Response Format Examples

IMPORTANT: Parameter Choice for Telegram Voice Messages

The audioAsVoice: true parameter may not work in all Telegram configurations. If you encounter issues with voice messages not being sent/received, use filePath instead:

Method 1 - audioAsVoice (may not work in some environments):

json
{"text": "Your response", "mediaUrl": "/tmp/smart-voice-chat/response_1738212345.ogg", "audioAsVoice": true}

Method 2 - filePath (more reliable):

json
{"text": "Your response", "filePath": "/tmp/smart-voice-chat/response_1738212345.ogg"}

Recommendation: Test both methods in your environment and use the one that works. The filePath parameter is generally more reliable as it directly uploads the local file.

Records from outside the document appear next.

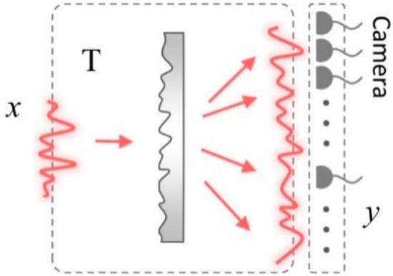 Let us consider a simple setup composed of an optical diffuser and a camera (Figure 2). Suppose there is an unknown input field , where is a basis that satisfies ; is the complex-valued coefficient of the i-th basis; and N is the number of input optical modes, . The basis can be arbitrary, but it is conventionally set to the position or reciprocal (Fourier) basis. The speckle field y at the camera plane can be expressed using the TM of the diffuser, , where corresponds to a speckle field for and the i-th column of TM. The speckle field is expressed using M complex values , where M is the number of optical modes observed at the camera.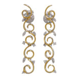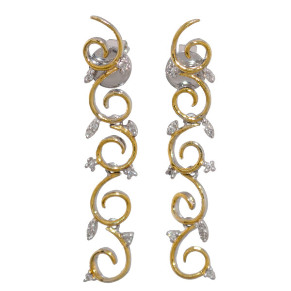 Yellow and White gold Swirl Diamonds Drop studs 7M50-18DER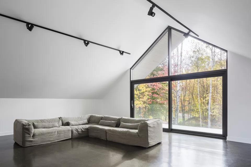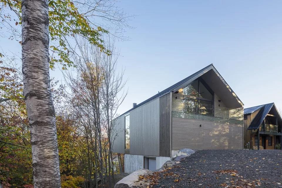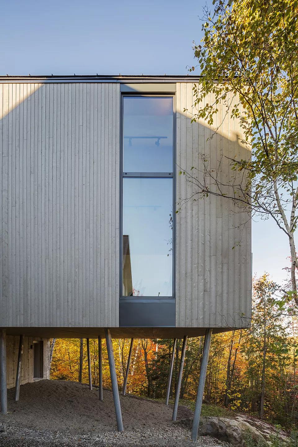 該項目位于魁北克省Laurentians的一個群山環繞的鄉村區域,凌駕在上方。簡約的木制體量使其從周圍綠色的山景中脫穎而出。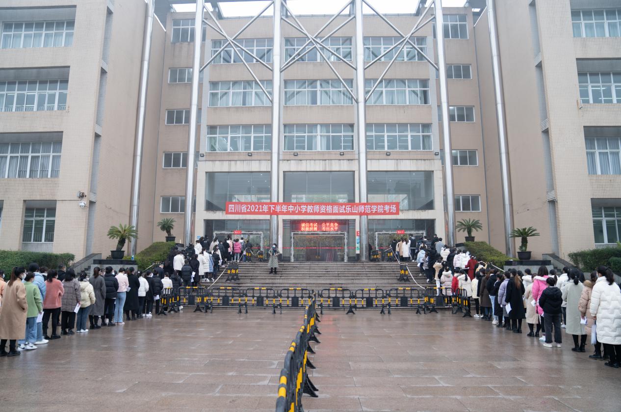 乐山师范学院考点共接纳来自学前、小学、初中、高中4个学段17个学科的考生2655人,设置面试考室58个、候考室2个、抽题室2个、备用考室2个、发热考室2个、备课室6个、教具配发室1个、临时医疗室1个、考生临时休息与打印室1个、考官休息室1个、临时就餐室2个、考务室2个,准备电脑、打印机、教具等300余套,安排面试考官174人,相关工作人员与学生助理共300余人。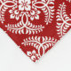 Fleece blanket in a classic Japanese kimono pattern of stylised, four-way, medallions of leaves and flowers in white on a deep Chinese red background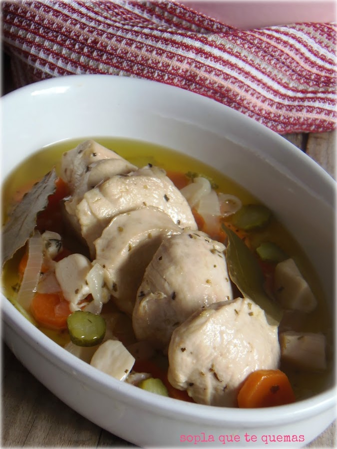 Cuando empiece a hervir añadimos la pechuga de pollo a la que habremos echado sal.
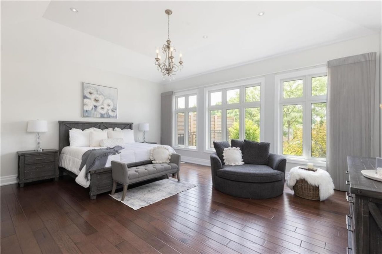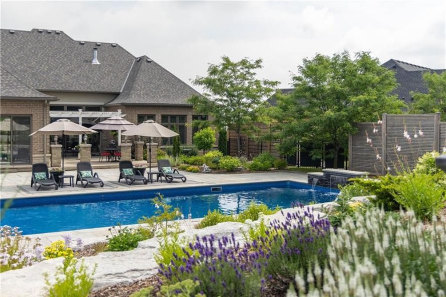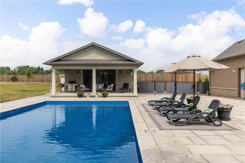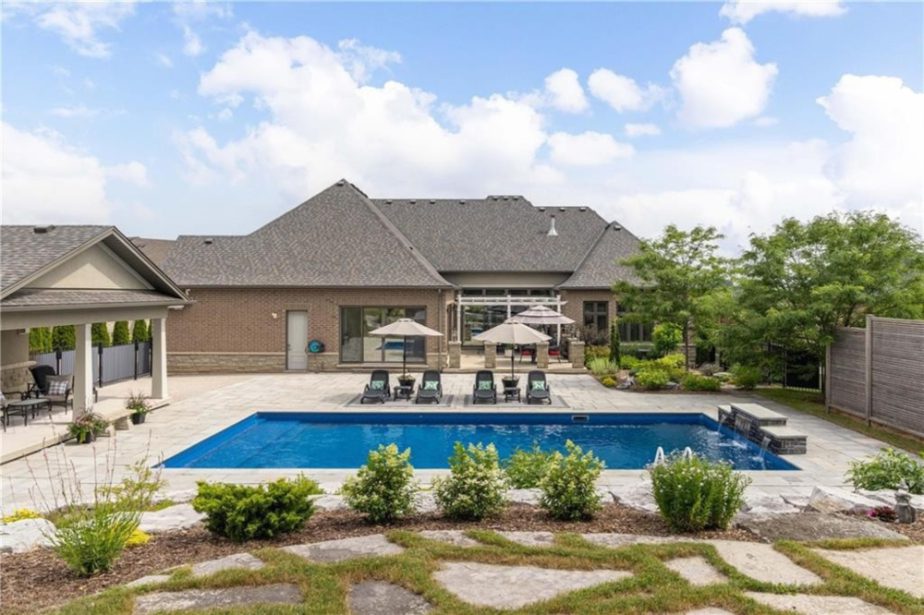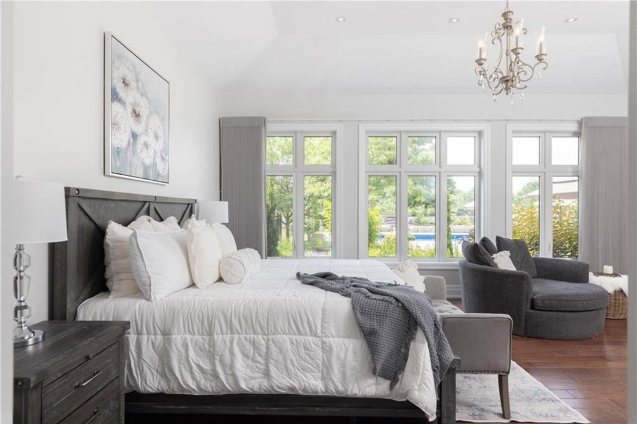 An unparalleled estate residence in the heart of Dundas’ most prestigious enclave. Poised on a pristine, professionally manicured two-acre lot backing directly onto the protected conservation lands of Tews Falls, this extraordinary bungalow offers over 4,000 square feet of exquisite main floor living, meticulously crafted with the finest materials and finishes available. Every element of this home speaks to luxury and sophistication. Dramatic coffered ceilings soaring from 10 to 18 feet frame the interior with architectural distinction, while expansive principal rooms flow effortlessly under a canopy of custom millwork, oversized baseboards, detailed crown mouldings, and designer lighting. The heart of the home is the gourmet chefs kitchen, an entertainers dream complete with top-tier appliances, bespoke cabinetry, an oversized island, and a fully outfitted walk-in pantry, all opening to the magnificent great room with its sweeping views of the lush grounds beyond. Offering 4 spacious bedrooms on the main level, including an opulent primary suite. With dual walk-in closets, a spa-like ensuite, and tranquil views of the rear gardens, it is a private retreat of the highest order. An additional fifth bedroom is located in the fully finished lower level, which has been designed as a self-contained suite with its own full kitchen, bath, and living area ideal for extended family or guests. The rear yard is a resort-caliber oasis, featuring a heated in-ground pool, elegant cabana, your own putting green, mature trees and conservation views. A four-season sunroom invites year-round enjoyment of the surrounding nature, while four garage bays provide ample room for automotive enthusiasts. The lower level is finished to the same exceptional standard as the main floor, with wide-plank flooring, designer tilework, custom built-ins, and premium fixtures throughout. Recently, the property has undergone numerous high-end upgrades, further enhancing its already impeccable quality.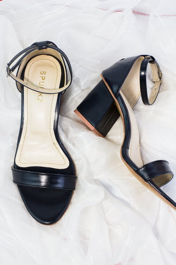 Description: These sleek black Spunkz sandals are the epitome of sophistication. With an adjustable ankle strap for a secure fit, these chunky block heels are perfect for pairing with the bold patterns of Alkaram’s Silver Unstitched Collection.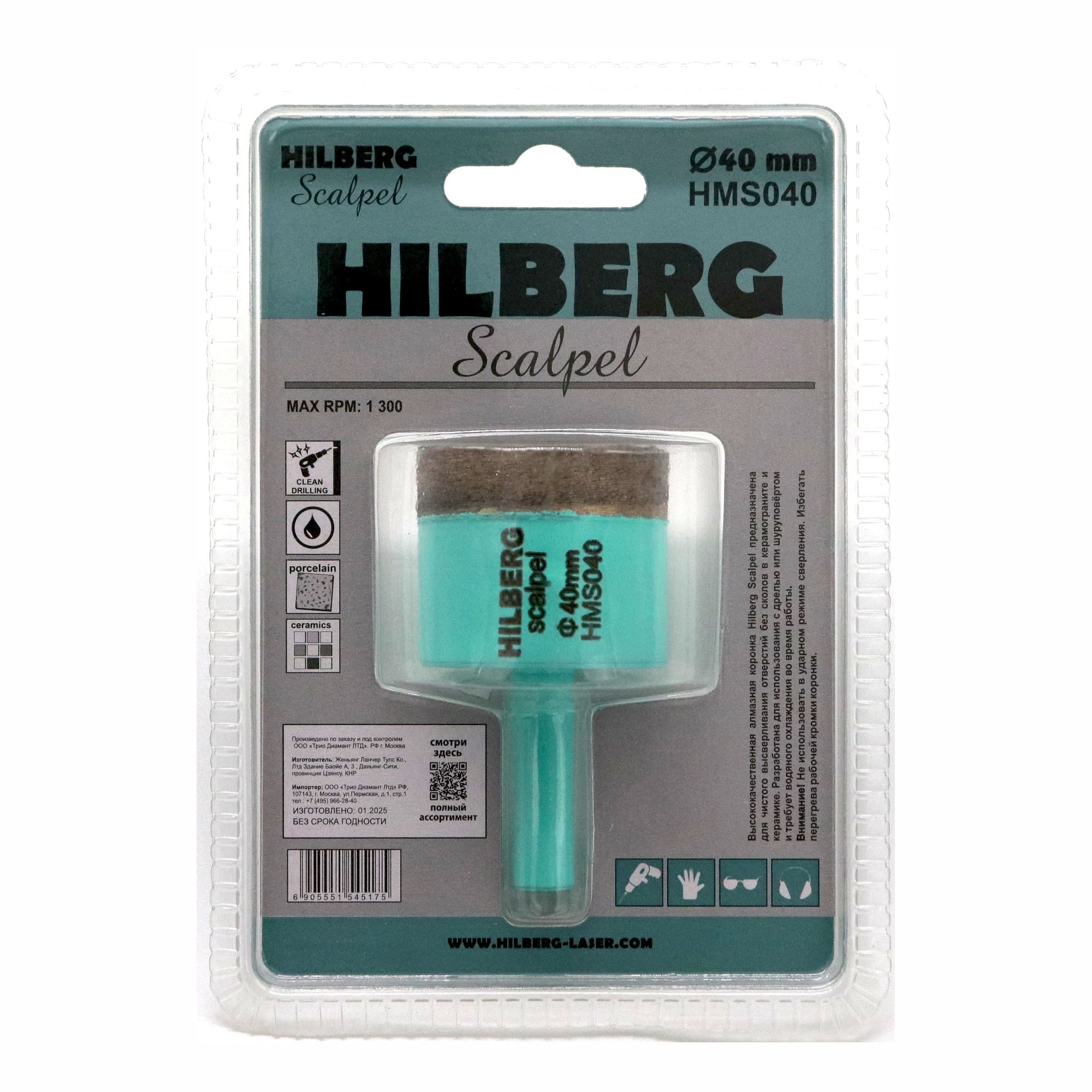 Алмазная коронка Hilberg Scalpel по керамограниту диаметром 40 мм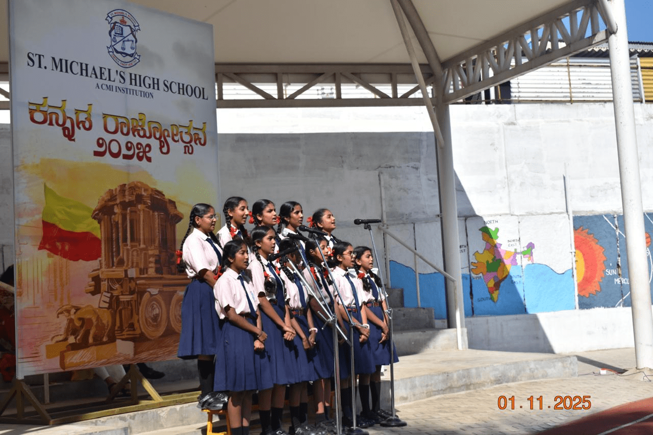 St. Michael’s High School, Kothanur, Bengaluru, vibrantly celebrated Kannada Rajyotsava, bringing together students, staff and management to honor and celebrate the rich heritage, language and culture of Karnataka. There was a sense of pride and unity among all present in the school premises.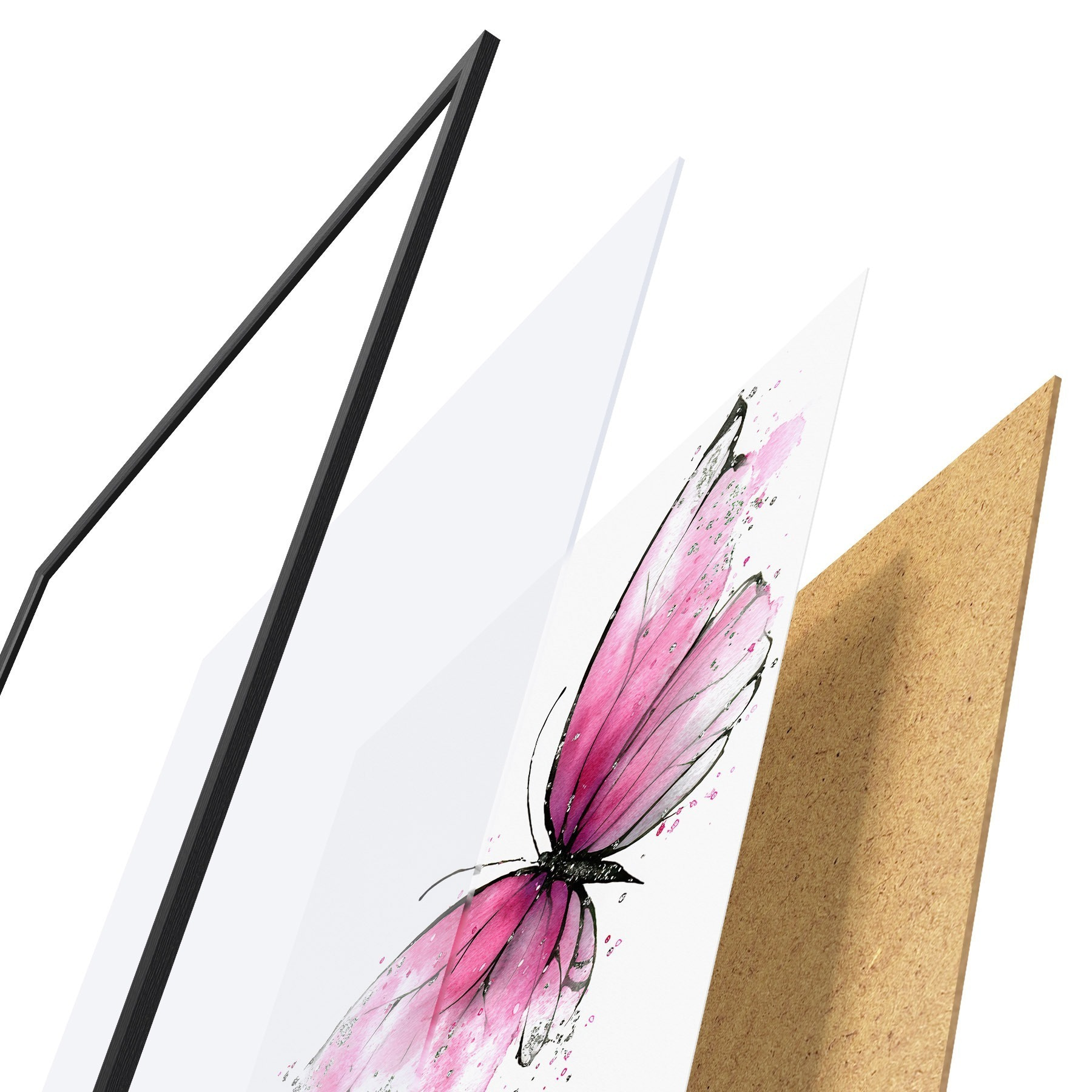 Plakatą sudaro rėmas, pleksiklas, atspausdintas vaizdas ir medžio drožlių plokštės pagrindas. Plakatą galima iš karto pakabinti ant sienos dėl kitoje pusėje esančių laikiklių.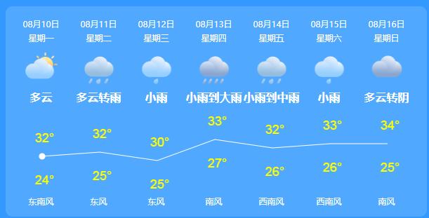 10日白天到夜间,多云间阴,局部地区有雷雨或阵雨,今天早晨到上午有雾或轻雾,东到东南风2~3级,气温32~25℃;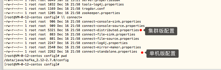 然后进入config目录进行配置文件修改,如下是connect的配置文件,有单机版和集群版,我们一般使用集群版
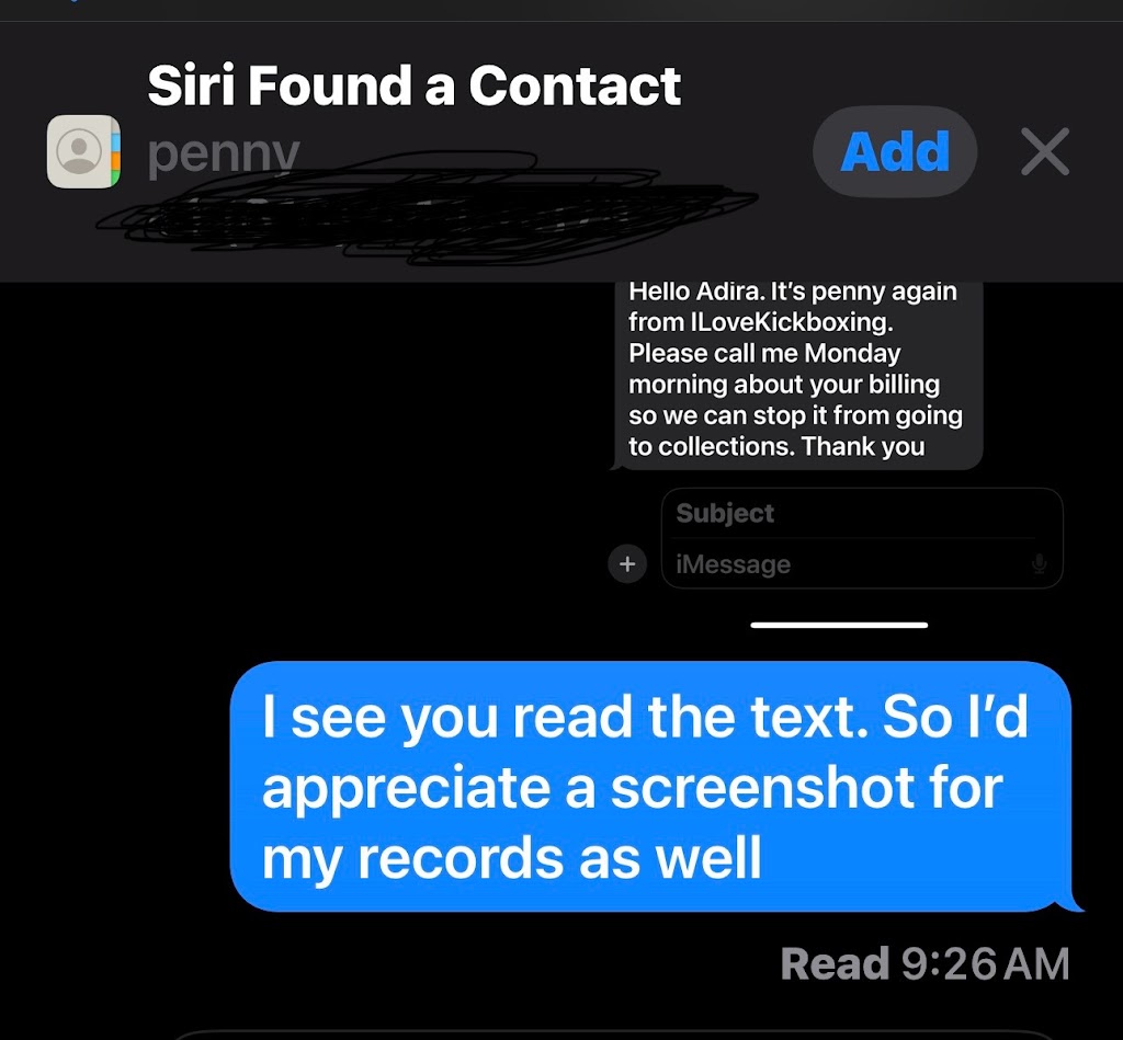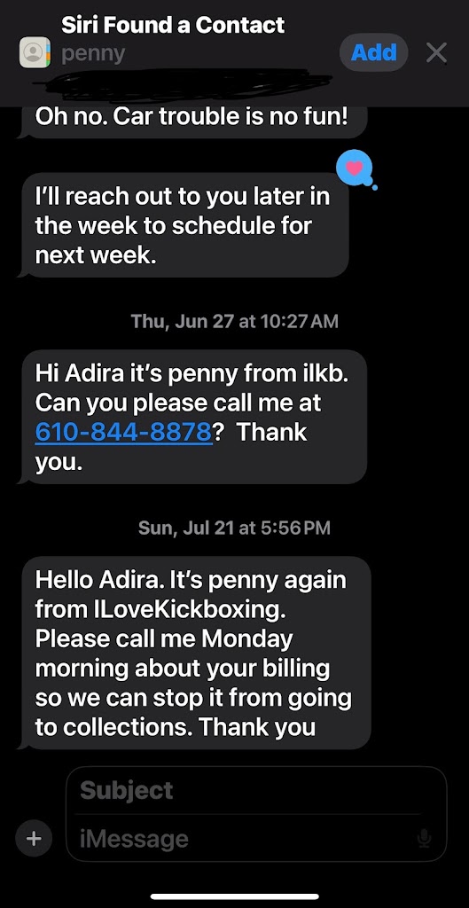 I forgot the notice had to be emailed and penny scoffed and continued to talk to me in a condescending tone saying “if you read the contract you would know that you can’t give notice unless it’s email”, I agreed with Penny trying to diffuse the situation and Penny continued to yell and threatened to send my account to collections even though I was on the phone trying to resolve the issue in spite of the disrespect I was encountering . I honestly don’t care about the membership or it being sent to collections because I’ll pay it before it gets on my credit. What upset me the MOST aside from her insolent attitude is when Penny started lying saying I replied to a text she sent back in June. When I sent a screenshot SHOWING that I never replied to the text and requested one back showing where I replied to her Penny then decided the conversation was over, I also gave her the exact date of when I called her back in July and left a voicemail to return my call at which Penny hung up on me. I don’t need anyone to reach out or anything of that sort because I made it clear to Penny that I’m not at all interested in returning at which she made a pointless comment saying I wasn’t welcomed back. I just want to share my experience even though I know nothing will be resolved from this, hopefully it’ll be a learning experience. It was a simple situation that could have been easily resolved had Penny’s ego not hampered the conversation.

Voice Input → Voice + Text (default):

json
{"text": "Your response", "filePath": "/tmp/smart-voice-chat/response_1738212345.ogg"}

Text Input → Text (default):

json
{"text": "Your response"}

Voice Override (text input requesting voice):

json
{"filePath": "/tmp/smart-voice-chat/response_1738212345.ogg"}

TL;DR:

  • Voice attachment? → STT → TTS → Reply with voice+text
  • Text message? → Reply with text only
  • User says "用语音回答"? → Generate TTS → Reply with voice
  • User says "用文字回答"? → Reply with text only